Differences from Linux:

- Infiniband drivers must use the INIT_IB_DEVICE_OPS() macro to set
the sizes needed for allocating various IB objects, when adding
IB device instances.

Security:

- PRIV_NET_RAW is needed to use raw ethernet transmit features.
- PRIV_DRIVER is needed to use other privileged operations.

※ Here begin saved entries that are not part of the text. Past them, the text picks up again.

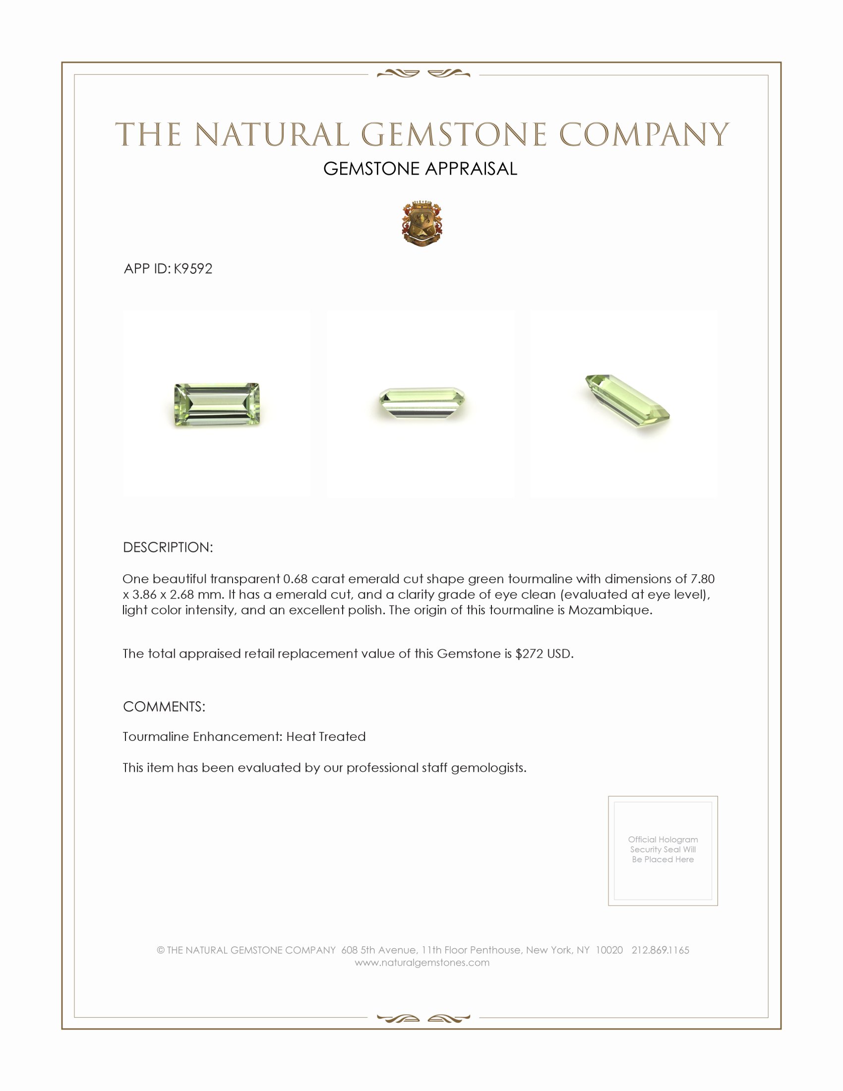 The Natural Gemstone Company prides itself on offering jewels like this that transcend their existence as mere adornments to become vessels of emotional connection and family legacy. With every glimpse, this green tourmaline promises to reignite joy, rekindle love, and celebrate life’s exuberance, adding its silent glow to generations of shared stories. More than a gemstone, it is an heirloom that embodies shared hopes and dreams, a witness to unforgettable memories. As it is handed down from one generation to the next, this gemstone doesn't just carry its physical qualities but carries a piece of the very heart from which it was gifted. Its legacy, like its stunning beauty, is built to last forever.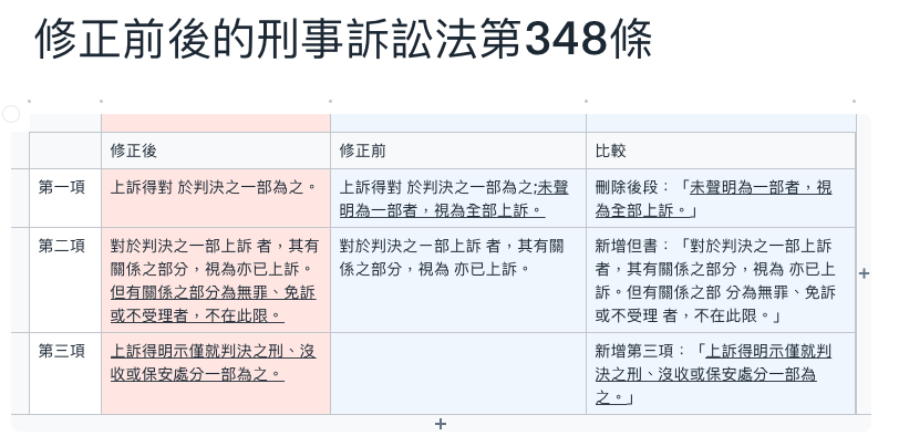 我們先來看一下刑事訴訟法第348條修正前後的法條比較: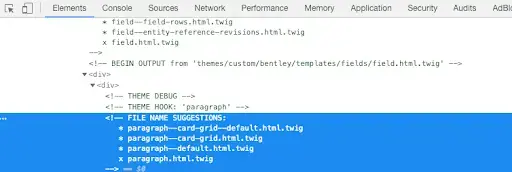 Let’s use paragraphu002du002dcard-grid.html.twig and replace the default content with the following:
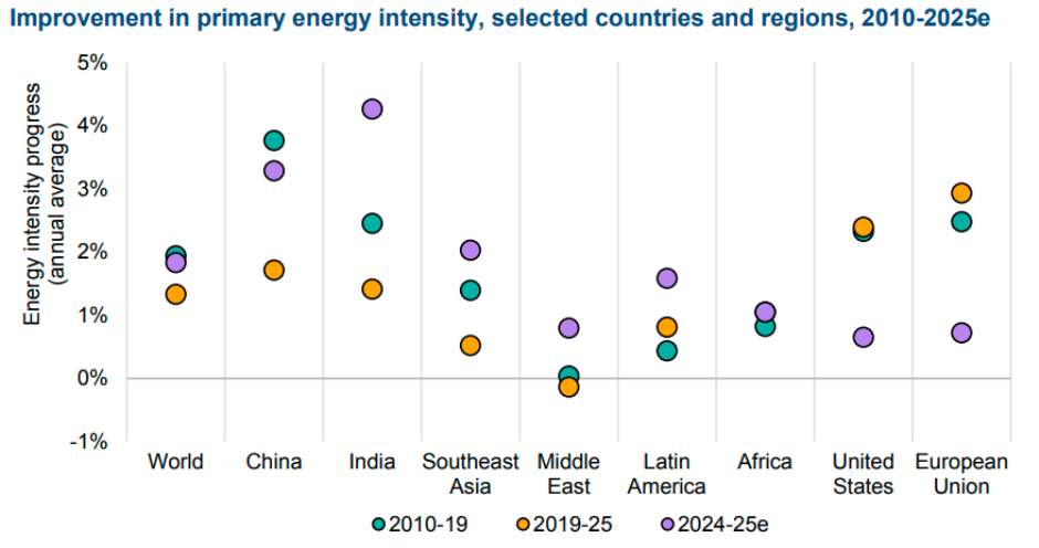 Energy intensity progress in 2025 is expected to exceed 3 percent in China and 4 percent in India. These rates are well above their averages since 2019 and show strong momentum in major emerging economies.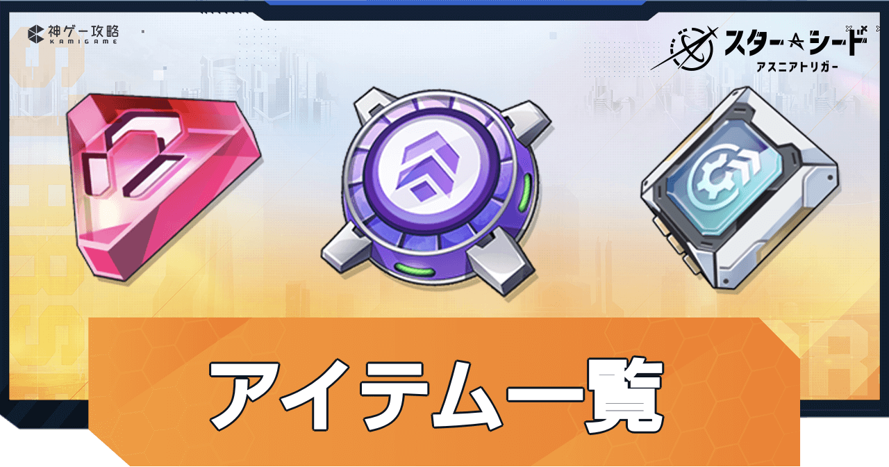 スターシード:アスニアトリガーのアイテムを一覧で紹介。アイテムの種類ごとに掲載しているため、スターシード:アスニアトリガーでアイテムを探す時の参考にどうぞ。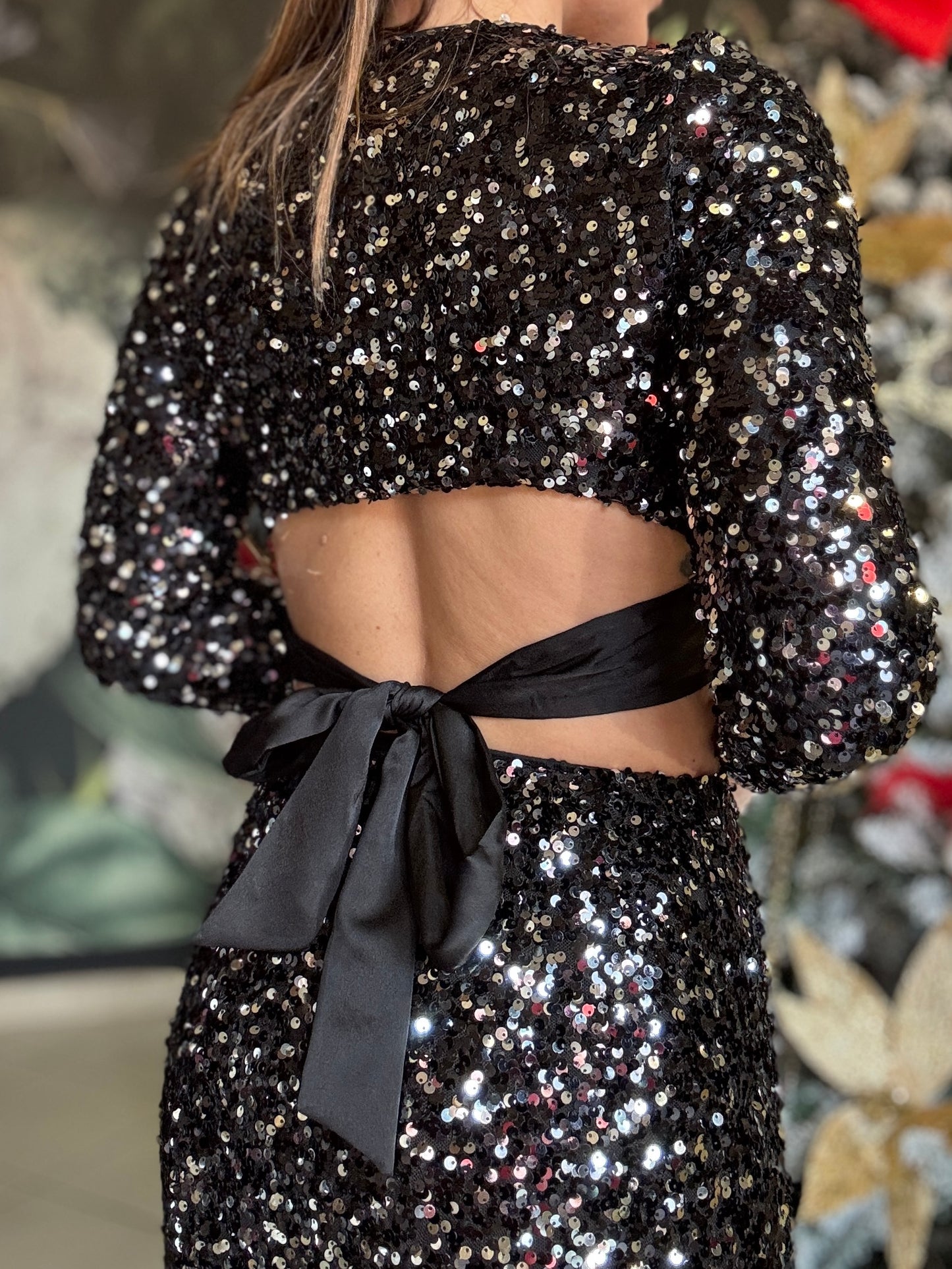Top crop a manica lunga, interamente realizzato in paillettes, fodera interna, i due lacci in raso da legare sul busto donano un tocco di eleganza al capo.

Based on upstream Linux, Torvalds (5.7-rc1):
8632e9b5645bbc2331d21d892b0d6961c1a08429

MFC after: 1 week
Reviewed by: kib
Differential Revision: https://reviews.freebsd.org/D31149
Sponsored by: NVIDIA Networking


# c3987b8e 16-Jun-2021 Hans Petter Selasky <hselasky@FreeBSD.org>

ibcore: Declare ib_post_send() and ib_post_recv() arguments const

Since neither ib_post_send() nor ib_post_recv() modify the data structure
their second argument points at, declare that argument const. This change
makes it necessary to declare the 'bad_wr' argument const too and also to
modify all ULPs that call ib_post_send(), ib_post_recv() or
ib_post_srq_recv(). This patch does not change any functionality but makes
it possible for the compiler to verify whether the
ib_post_(send|recv|srq_recv) really do not modify the posted work request.

Linux commit:
f696bf6d64b195b83ca1bdb7cd33c999c9dcf514
7bb1fafc2f163ad03a2007295bb2f57cfdbfb630
d34ac5cd3a73aacd11009c4fc3ba15d7ea62c411

MFC after: 1 week
Reviewed by: kib
Sponsored by: Mellanox Technologies // NVIDIA Networking


# d92a9e56 16-Jun-2021 Hans Petter Selasky <hselasky@FreeBSD.org>

ibcore: Simplify ib_modify_qp_is_ok().

All callers to ib_modify_qp_is_ok() provides enum ib_qp_state makes the
checks of out-of-scope redundant. Let's remove them together with updating
function signature to return boolean result.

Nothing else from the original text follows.